**Work order**: Reproduce the entries word for word, and omit any picture you find in them.

**Source data**:
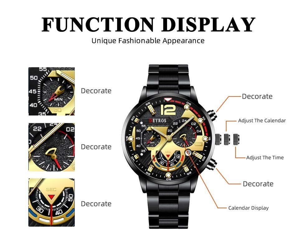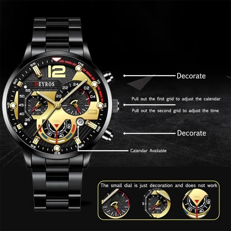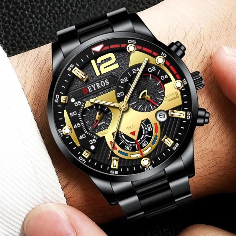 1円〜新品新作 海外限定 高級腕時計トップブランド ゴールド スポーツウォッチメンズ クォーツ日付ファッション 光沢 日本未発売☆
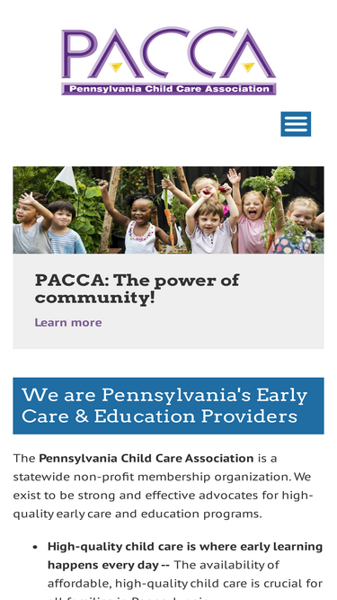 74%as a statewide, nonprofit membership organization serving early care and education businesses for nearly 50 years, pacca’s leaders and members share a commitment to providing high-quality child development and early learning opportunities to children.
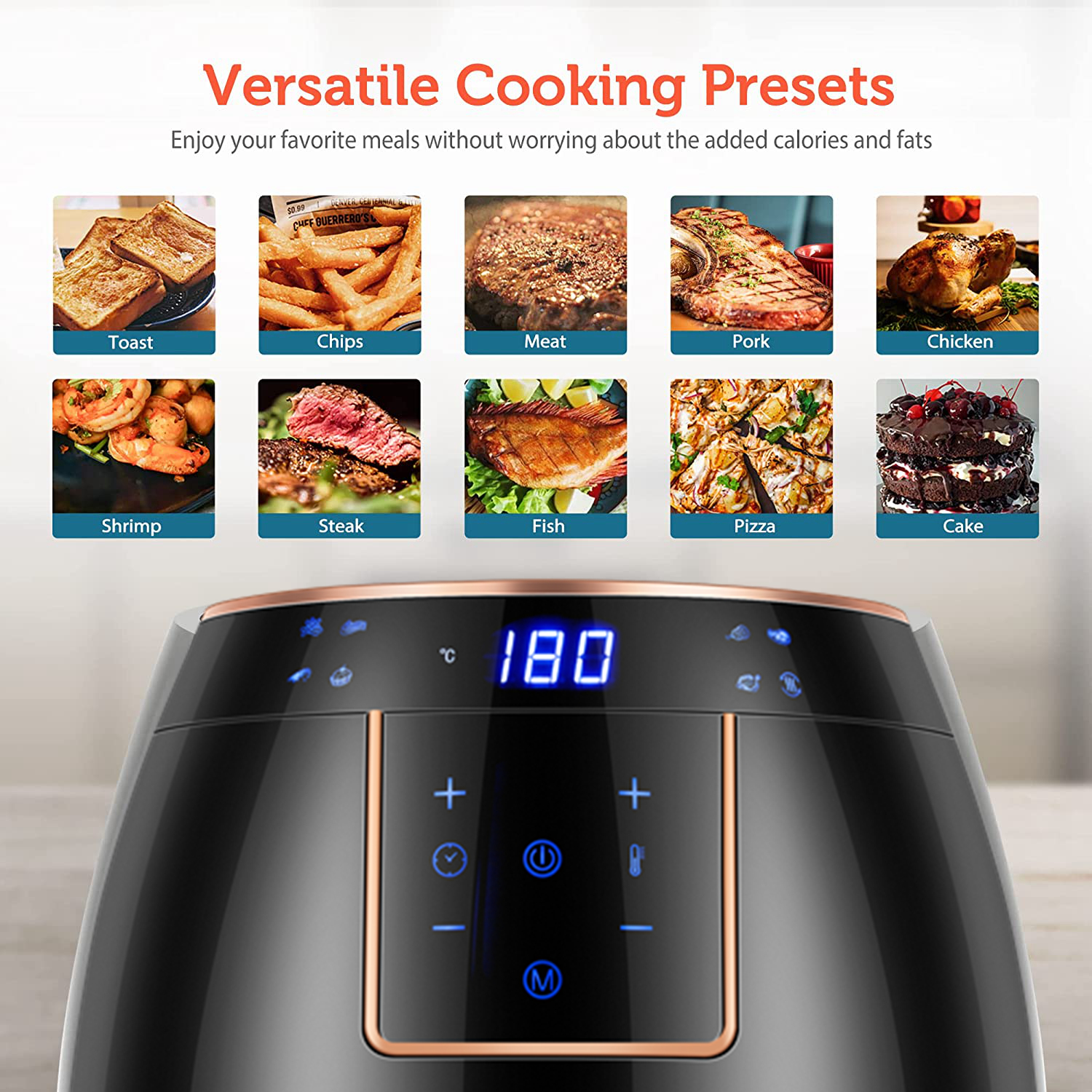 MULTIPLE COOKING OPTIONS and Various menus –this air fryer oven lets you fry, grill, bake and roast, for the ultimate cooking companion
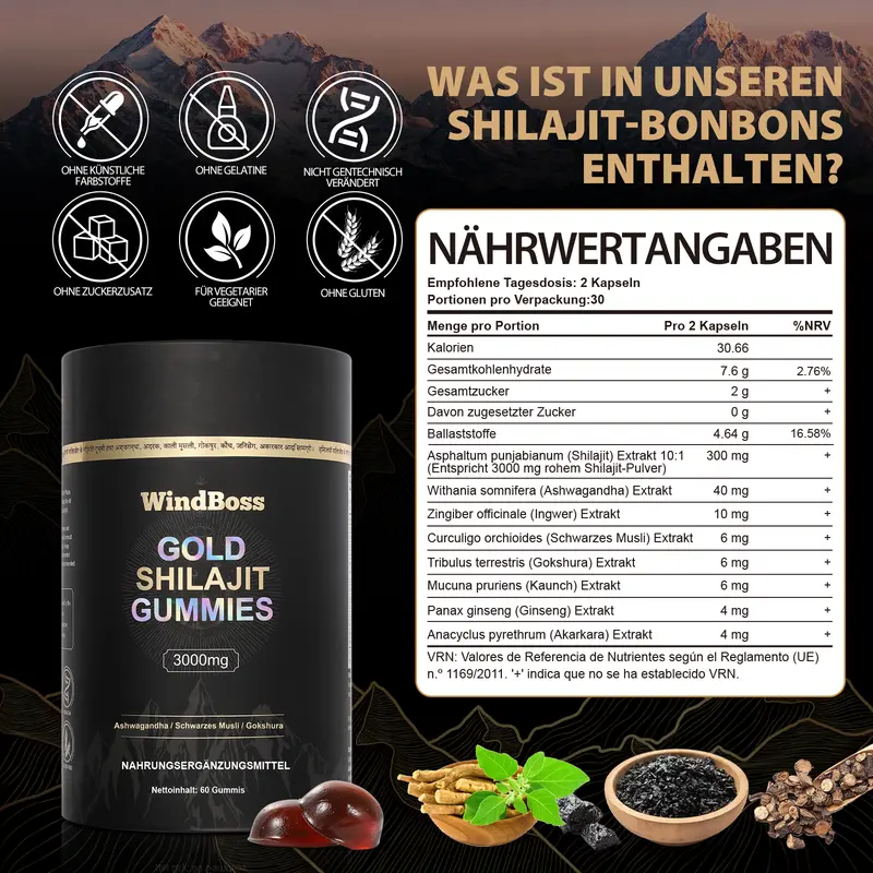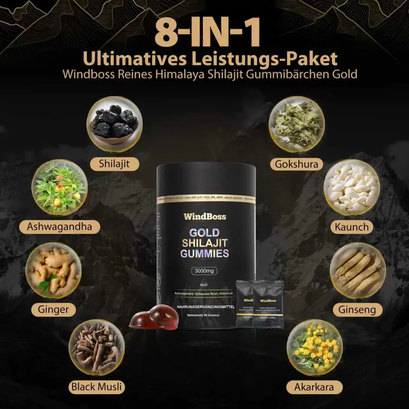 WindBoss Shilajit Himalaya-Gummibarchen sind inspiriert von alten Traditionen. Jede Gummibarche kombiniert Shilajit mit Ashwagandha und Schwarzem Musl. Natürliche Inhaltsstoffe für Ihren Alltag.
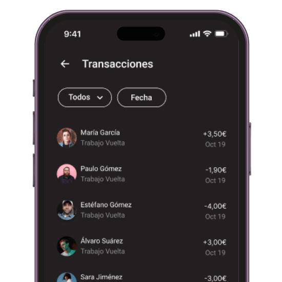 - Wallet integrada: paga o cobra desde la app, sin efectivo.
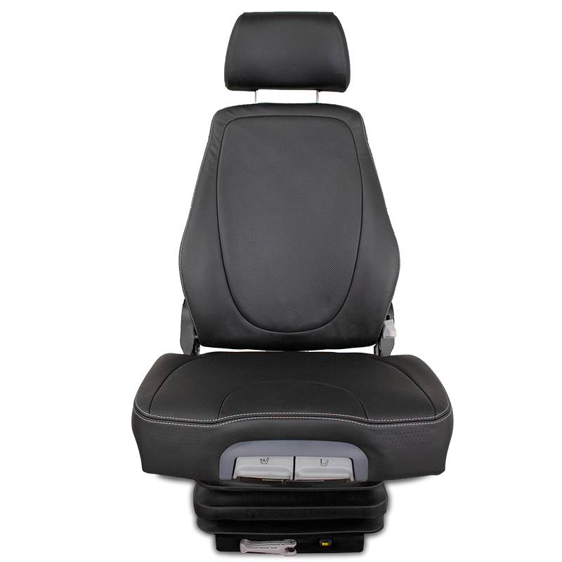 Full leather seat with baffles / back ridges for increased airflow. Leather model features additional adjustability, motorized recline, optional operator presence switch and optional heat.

**Your response**:
 1円〜新品新作 海外限定 高級腕時計トップブランド ゴールド スポーツウォッチメンズ クォーツ日付ファッション 光沢 日本未発売☆
 74%as a statewide, nonprofit membership organization serving early care and education businesses for nearly 50 years, pacca’s leaders and members share a commitment to providing high-quality child development and early learning opportunities to children.
 MULTIPLE COOKING OPTIONS and Various menus –this air fryer oven lets you fry, grill, bake and roast, for the ultimate cooking companion
 WindBoss Shilajit Himalaya-Gummibarchen sind inspiriert von alten Traditionen. Jede Gummibarche kombiniert Shilajit mit Ashwagandha und Schwarzem Musl. Natürliche Inhaltsstoffe für Ihren Alltag.
 - Wallet integrada: paga o cobra desde la app, sin efectivo.
 Full leather seat with baffles / back ridges for increased airflow. Leather model features additional adjustability, motorized recline, optional operator presence switch and optional heat.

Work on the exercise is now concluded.